Solution Approach 2:
The patent replaces traditional content selection methods with a machine learning-based vector processing system. Instead of relying on manual or rule-based selection, the system uses automated vector generation, combination, and scoring mechanisms that efficiently handle multiple psychological factors simultaneously through computational algorithms.
3Measurement precision
If the system uses detailed person vectors and psychological factor vectors, then the accuracy of content selection improves, but the data processing time and computational resources worsen
Solution Approach 1:
The patent generates person vectors and psychological factor vectors as preprocessed intermediate representations that capture essential user and content characteristics. These pre-generated vectors serve as ready-to-use inputs for the content selection process, eliminating the need for repeated complex analysis during actual content delivery and reducing real-time processing time.
Solution Approach 2:
The patent creates vector representations (copies) of user profiles and content features that preserve the essential information needed for accurate content selection.

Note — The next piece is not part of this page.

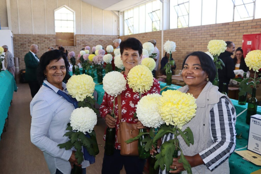 Die Chrysanthemum-skou het die afgelope naweek –soos elke jaar – weer in Pniël plaasgevind. Die krisante het oudergewoonte die plaaslike kerksaal vol gestaan en na afloop van die beoordeling het besoekers die kans aangegryp om hul eie krisante teen ‘n appel en ‘n ui huis toe te neem. Die Paarliete Anne de Jager en Wendy van Diemen, asook Pniëller Lindie Noland, het seker gemaak hulle het die beste blomme gekry om huis toe te neem.

These vector copies enable rapid comparison and matching operations without requiring access to or processing of the original complex data structures, significantly reducing computational overhead.
Data Source
AI summary
A method implements content selection using psychological factors. A person vector is generated from a record. The person vector identifies a set of data representing a person. A psychological factor vector is generated from a content of a plurality of content. The psychological factor vector identifies a set of psychological factors from the content. The person vector and the psychological factor vector are combined to generate an input vector. An action score is generated from the input vector. The action score identifies a probability of an action on the content by the person. The content is selected from the plurality of content using the action score. The content is presented.